■ WORK ORDER ■
Output, word for word, the lines of this listing that fall between the line with "외부환경 분석을 위해서는" and the line with "供应链消息人士手机晶片达人曝", counting both of those lines, and no others.

■ SUPPLIED RECORDS ■
Start of Block

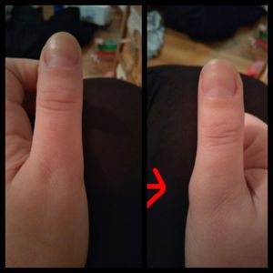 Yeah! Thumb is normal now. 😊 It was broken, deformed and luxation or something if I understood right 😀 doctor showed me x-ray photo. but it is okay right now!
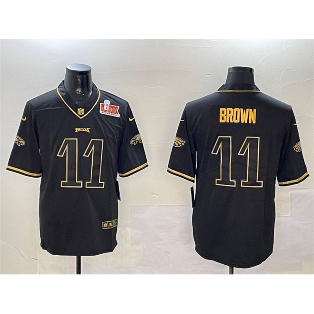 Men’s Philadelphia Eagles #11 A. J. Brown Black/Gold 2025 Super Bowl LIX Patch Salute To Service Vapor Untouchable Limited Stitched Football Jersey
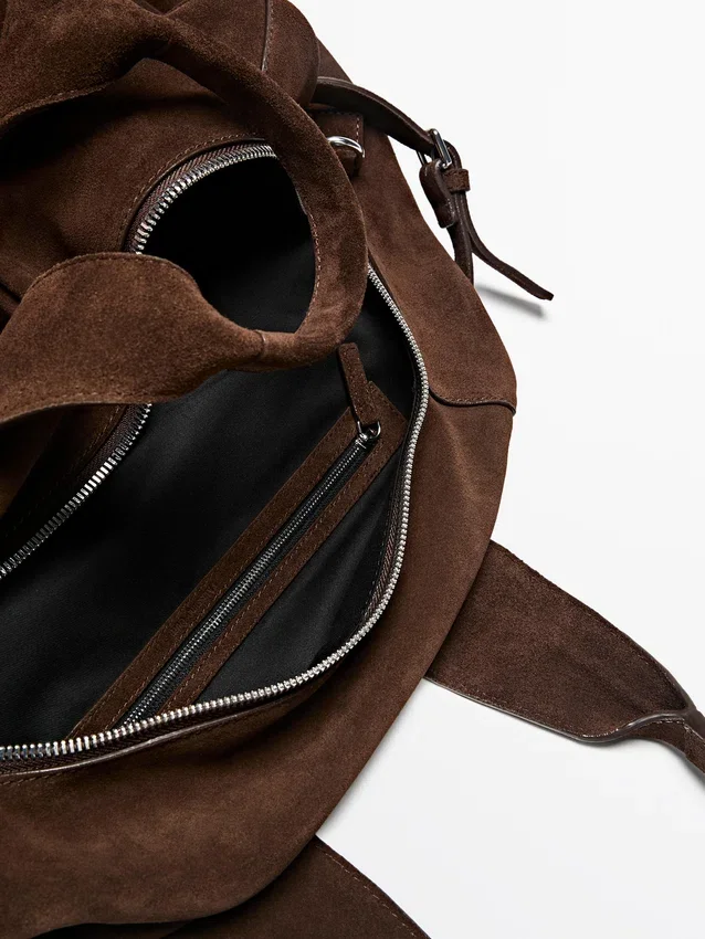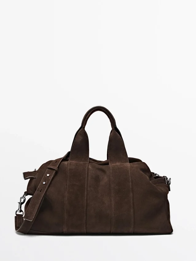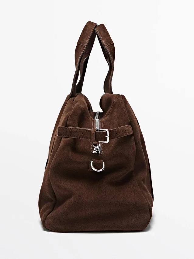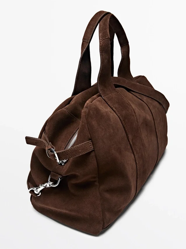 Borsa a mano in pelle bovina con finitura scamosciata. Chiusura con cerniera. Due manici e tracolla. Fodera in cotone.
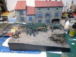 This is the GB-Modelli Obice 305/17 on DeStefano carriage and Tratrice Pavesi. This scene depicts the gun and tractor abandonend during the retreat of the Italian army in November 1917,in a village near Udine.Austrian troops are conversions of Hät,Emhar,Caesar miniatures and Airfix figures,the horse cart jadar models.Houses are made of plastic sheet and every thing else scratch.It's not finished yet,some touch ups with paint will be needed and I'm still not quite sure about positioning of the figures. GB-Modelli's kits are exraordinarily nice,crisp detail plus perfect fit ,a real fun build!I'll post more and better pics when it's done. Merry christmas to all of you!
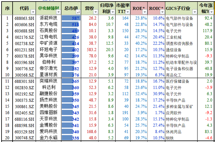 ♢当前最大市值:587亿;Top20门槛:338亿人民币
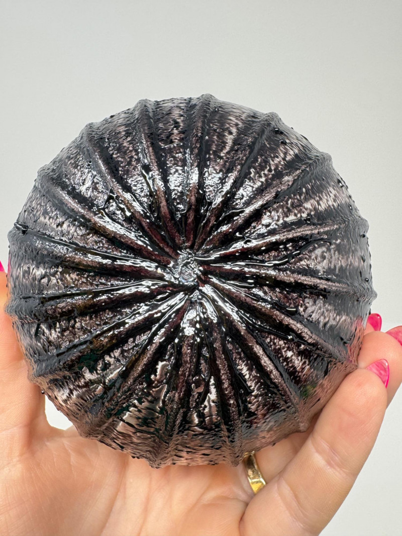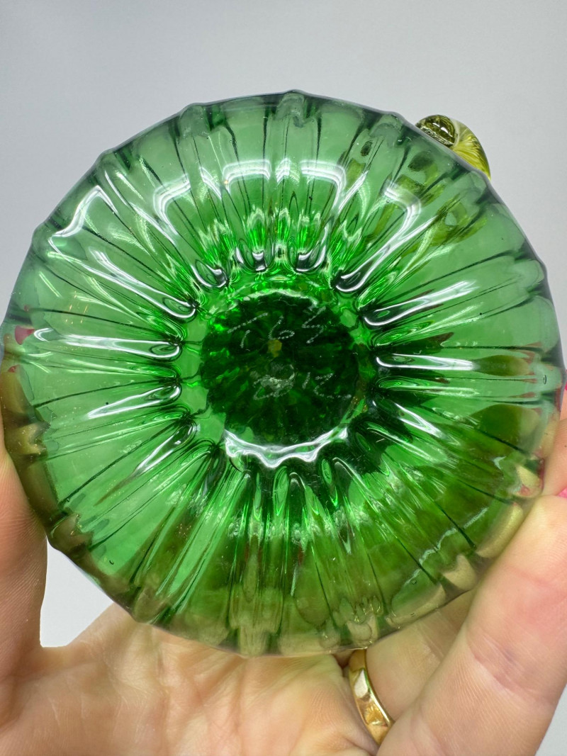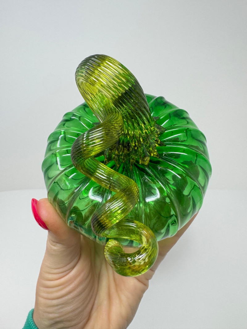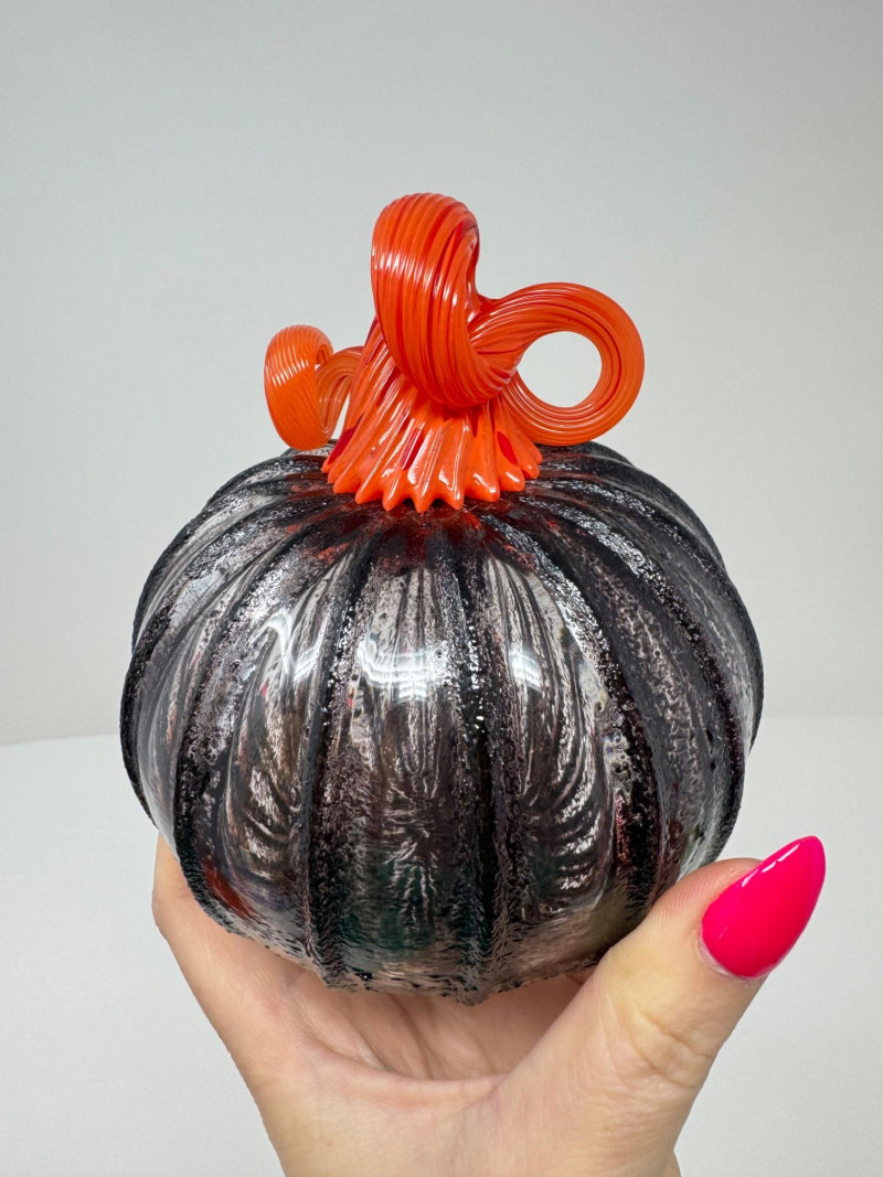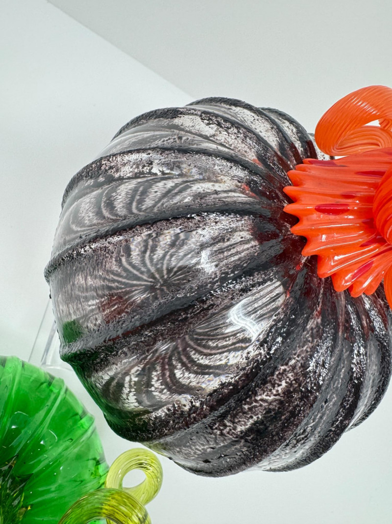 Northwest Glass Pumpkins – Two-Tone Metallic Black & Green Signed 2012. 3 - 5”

End of Block
Start of Block

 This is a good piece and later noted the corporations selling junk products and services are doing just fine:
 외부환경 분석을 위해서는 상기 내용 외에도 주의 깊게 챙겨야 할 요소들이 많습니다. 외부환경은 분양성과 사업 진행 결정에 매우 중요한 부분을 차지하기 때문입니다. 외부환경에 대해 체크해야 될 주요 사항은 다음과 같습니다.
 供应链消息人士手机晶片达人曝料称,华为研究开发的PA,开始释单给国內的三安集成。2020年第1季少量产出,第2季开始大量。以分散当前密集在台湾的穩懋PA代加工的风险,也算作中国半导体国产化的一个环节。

End of Block

■ SOLVED PROBLEM ■
 외부환경 분석을 위해서는 상기 내용 외에도 주의 깊게 챙겨야 할 요소들이 많습니다. 외부환경은 분양성과 사업 진행 결정에 매우 중요한 부분을 차지하기 때문입니다. 외부환경에 대해 체크해야 될 주요 사항은 다음과 같습니다.
 供应链消息人士手机晶片达人曝料称,华为研究开发的PA,开始释单给国內的三安集成。2020年第1季少量产出,第2季开始大量。以分散当前密集在台湾的穩懋PA代加工的风险,也算作中国半导体国产化的一个环节。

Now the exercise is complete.